Но, может быть, не все в полной мере от нее зависело. В детстве Зоя перенесла полиомиелит, сделавший ее на всю жизнь хромоножкой (прихрамывала она несильно, но заметно) и, что много хуже, гадким утенком без каких-либо перспектив превращения в белого лебедя. Удачливые и окруженные поклонниками красавицы-сестры жалели бедную Зоеньку, и она, вдобавок, была самой маленькой, обреченной завидовать и слушаться. В результате выработался, вероятно, в порядке защиты, чрезвычайно своеобразный характер – по внешности инфантильный и суетливый, а в глубине, возможно, непритязательный, смиренный и жертвенный.

Почти до тридцати пяти лет прожила Зоя старой девой – не свободной незамужней женщиной, а именно хрестоматийной старой девой – и шансов на семейную жизнь у нее после войны вообще практически не стало. Так бы и умерла она, озлобившись, быть может, под конец жизни, если бы к ней ради ленинградской прописки не присватался уроженец города Владимира Сергей. Зоя с радостью вышла замуж, потому что хотела детей – и в пятидесятом году родила сына, названного Кириллом, вероятно, в честь умершей за три года до этого сестры Киры. Мальчика так и звали дома – Кира. Это с ним я оказалась впоследствии запертой в квартире с тетей Валей в ту памятную ночь ее безумия, это его она чуть не огрела чугунным утюгом по затылку, что было бы для него гораздо лучше той участи, которой он подверг себя три с половиной года спустя…

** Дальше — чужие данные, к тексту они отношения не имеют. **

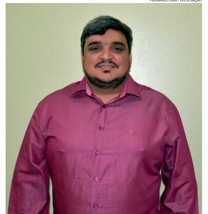
Secretário Tego confirmou dia 17 o carnaval em Bom Retiro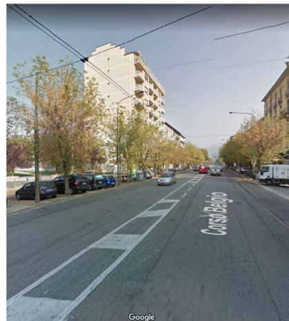
Fig. 17- TOWard 2030 project, Camilla Fasini, Corso Belgio 79, Turin. Objective 5 Gender equality. The figure of writer Christine de Pizan, born in 1364.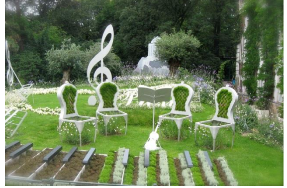
Şekil 12. Viyana müzik bahçesi (URL12, 2014).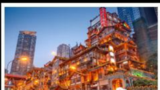
ตลาดเขงเขงฮง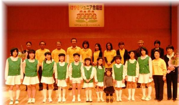
ジュニアけやき合唱団の結成と育成に力を注いでいます。「春風コンサート」を終えて

С мужем и сыном было Зое трудно. Первый ее не любил. Сергей почти не разговаривал с женой, никакой ласки ей не оказывал, жил своей собственной, весьма скучной, на мой взгляд, жизнью, в которую никого не посвящал, был известным коллекционером значков – и именно на любимую коллекцию, а не любимую женщину бестрепетно тратил большую часть своего заработка. Жене на хозяйство он выделял твердую незначительную сумму, раз и навсегда им определенную и не менявшуюся никогда, ничуть не зависевшую от его все возраставшего заработка. Она не роптала, сделав центром мироздания сына Кирочку – мальчика сложного, талантливого, самолюбивого, но склонного к истерии, никаких ограничений не терпевшего. Мать его избаловала. Ее отношение к сыну оказалось ярчайшей иллюстрацией материнского слепого фанатизма – ибо это чувство любовью не называется. О, Кирочка! Ему не просто разрешалось походя хамить матери, но его за это даже не ругали, потому что у него «хрупкое здоровье» и «слабые нервы». Его эгоизм стал притчей в нашей семье, и даже я, примерно пяти лет отроду, была однажды свидетельницей вопиющей, врезавшейся в память ситуации. Молодой еще Кирилл собирался на свидание и очень нервничал. Желая побаловать сына чайком перед ответственным походом, тетя Зоя поспешала с кипящим чайником из кухни в комнату – и, хроменькая, оступилась в коридоре и упала… Она обварилась. Это было страшно. Все забегали, стали вызывать «скорую»… И тут хлопнула входная дверь. Ее двадцатилетний сын, как ни в чем не бывало, под шумок отбыл на свое неотложное свидание… Женился он раз пять – и всегда неудачно, детей у него тоже родилось несколько, от разных жен, но все они, увы, не наследники нашего рода, а наследники материнских родо́в. Это справедливо: ведь после развода дитя остается с матерью, и, если отец никакого участия в воспитании ребенка не принимает, то он как бы утрачивает право навязывать ему свой род, а мать, наоборот, это право приобретает. Так и мой сын воспитывается на моих корнях, ровно ничего не зная о предках собственного отца – без какого либо насилия с моей стороны: просто так выходит по справедливости…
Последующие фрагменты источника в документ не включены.